Mein derzeitiges Kürschnerlevel (nicht allzu viel vor 300) weiß ich gar nicht, Lederverarbeitung bin ich auf 255 und das mit meinem Lv40-Jäger...ist schon länger relativ hoch und das ganze ohne je explizit farmen gewesen zu sein, bzw. Unmengen an g für Mats gezahlt zu haben - im Gegenteil ich verdien mir den Großteil meines Goldes durch Lederverarbeitung.


----------



## Gothic2612 (4. März 2007)

hi bin lvl 27 und kürschen (205) wo kann ich gut farmen ??? bin zur zeitr in eschental ????


----------



## Rizo (4. März 2007)

Hier mal ein kompletter Guide, bei dem Ihr jegliche Stufe nachschauen könnt.
Kürschner Guide (Englisch)


----------



## matrix089 (5. März 2007)

matrix089 schrieb:


> ich habe noch eine frage. Die Stufen Kürschnergeselle-Experte usw. was ist der Vorteil wenn man Experte wird?
> 
> Ist der einzige Vorteil das man "höhere" Tiere häuten kann, oder bekommt man bei niedriegeren "bessere" Ergebnisse z.B. mittleres Leder statt normales?
> 
> ...


Kann mir keiner der erfahrenen Spieler diese Frage beantworten?


----------



## Noemi (5. März 2007)

doch ich kanns =P

Also der vorteil ist ganz einfach: du kannst z. B. als kürschner lehrling (oder wie das heißt) nur bis 75 skillen. Weil man aber für höher lvlige Mobs nen höheren skill braucht, muss man sich weiterausbilden lassen, zum gesellen (?)

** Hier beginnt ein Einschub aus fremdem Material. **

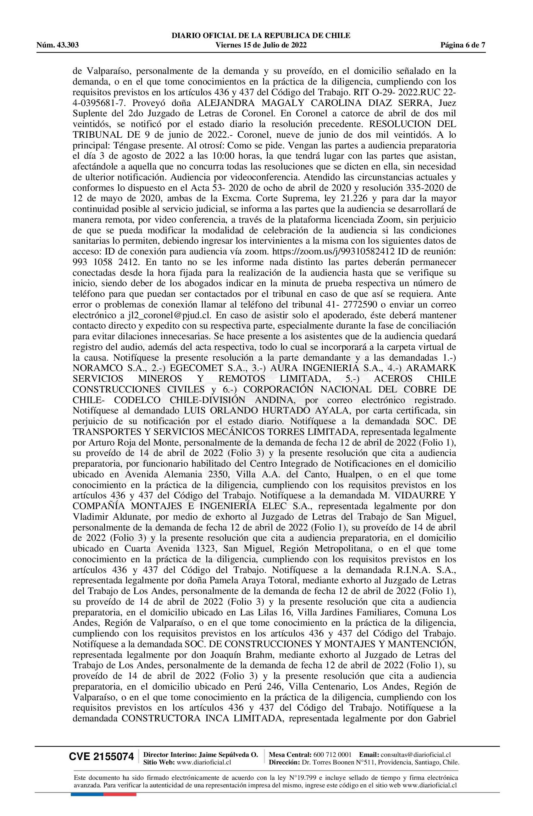 Notificación 15-07-2022 Diario Oficial Edición Electrónica |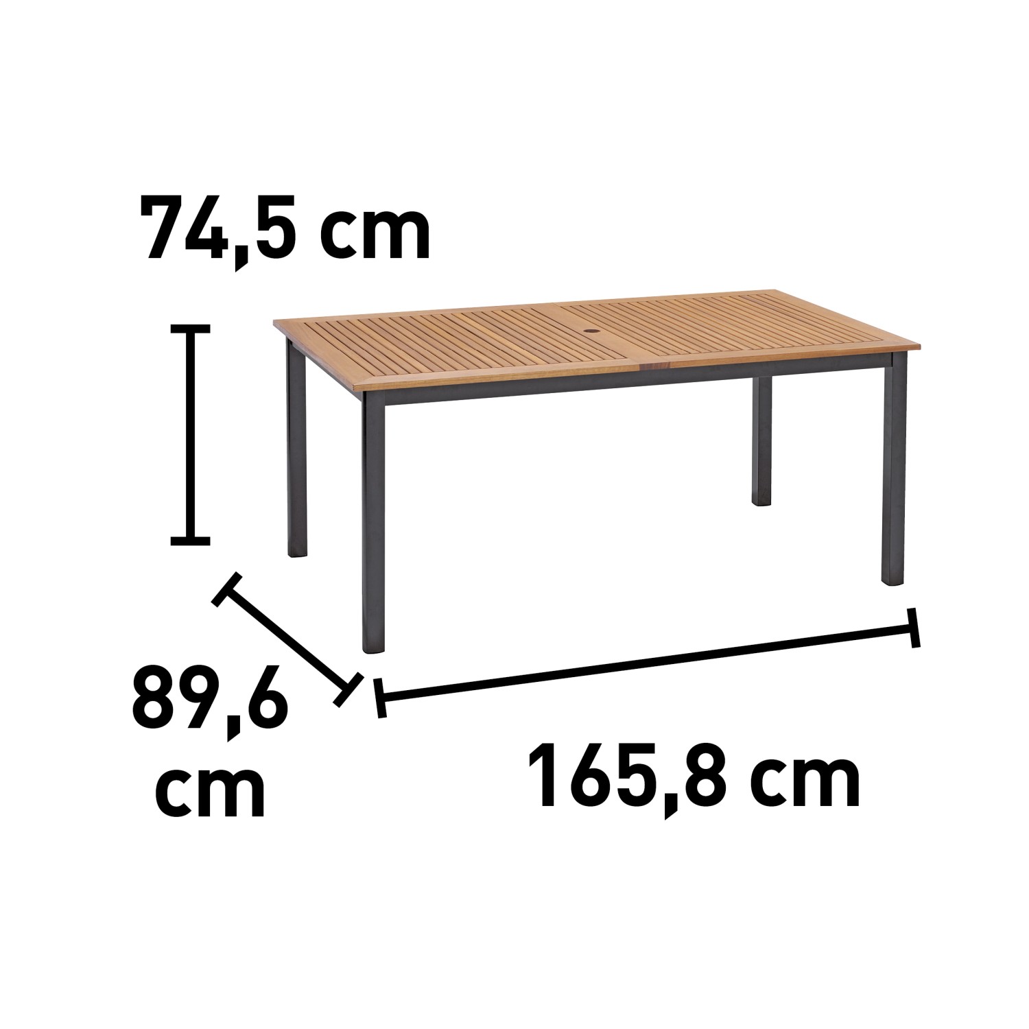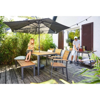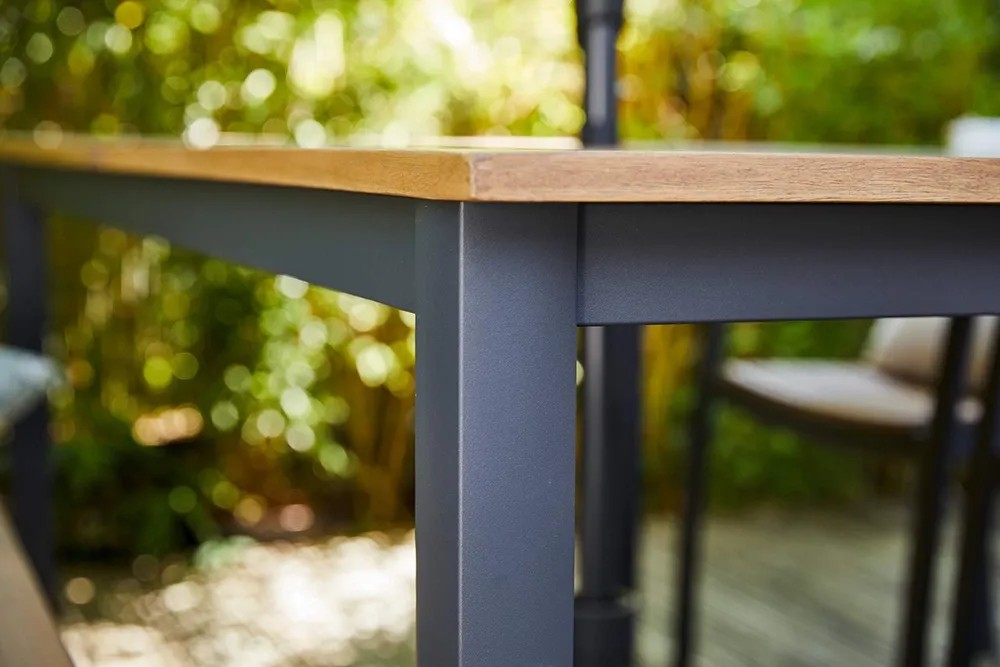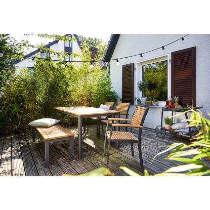 A váz könnyen kezelhető és stabil alumíniumból készült. Ezáltal az asztal könnyű, így jól mozgatható. Az asztallap értékes FSC®-tanúsítással rendelkező kemény eukaliptusz fából készült, így időjárásálló.
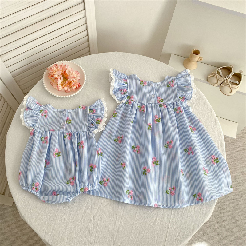 キッズ向け可愛い花柄刺繍の姉妹服セットです。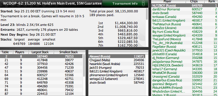 В главном турнире PokerStars WCOOP зарегистрировалось 1,627 игроков, что при бай-ине $5,200 позволило сформировать фантастический призовой фонд в $8,135,000 из которых $1,464,300 достанутся победителю.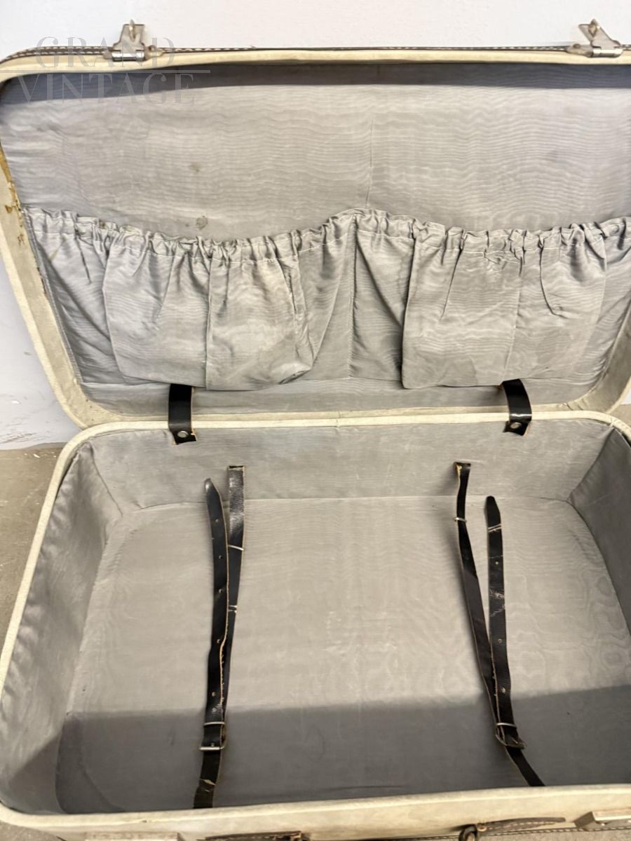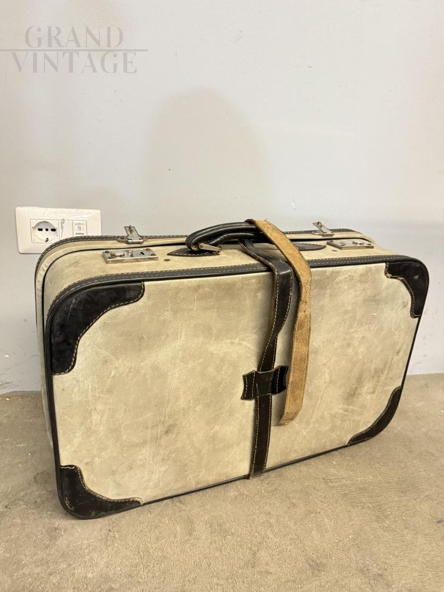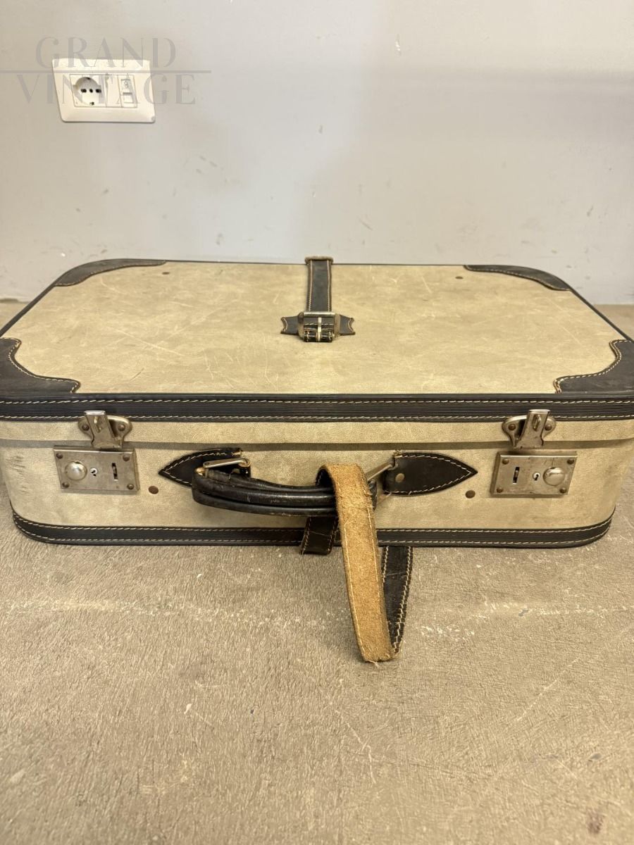 Valigia vintage in pelle avorio e cuoio nero, Italia anni '50

ich hoff mal, dass man das verstehn konnte...


----------



## matrix089 (5. März 2007)

Noemi schrieb:


> doch ich kanns =P
> 
> Also der vorteil ist ganz einfach: du kannst z. B. als kürschner lehrling (oder wie das heißt) nur bis 75 skillen. Weil man aber für höher lvlige Mobs nen höheren skill braucht, muss man sich weiterausbilden lassen, zum gesellen (?)
> 
> ich hoff mal, dass man das verstehn konnte...


Ja gut das war mir auch klar. Mir ging es jetzt primär um die Frage, ob der Aufstieg z.B. vom Lehrling zum Gesellen auch was für das Kürschnern selbst bringt. Also das ich wenn ich ein Tier häute jetzt öfter 2 leichte leder erhalte statt 1 oder das ich eher ein ein mittleres Leder als ein leichtes oder das ich öfter leichtes leder statt fetzen bekomme.


----------



## Noemi (5. März 2007)

> Ja gut das war mir auch klar. Mir ging es jetzt primär um die Frage, ob der Aufstieg z.B. vom Lehrling zum Gesellen auch was für das Kürschnern selbst bringt. Also das ich wenn ich ein Tier häute jetzt öfter 2 leichte leder erhalte statt 1 oder das ich eher ein ein mittleres Leder als ein leichtes oder das ich öfter leichtes leder statt fetzen bekomme.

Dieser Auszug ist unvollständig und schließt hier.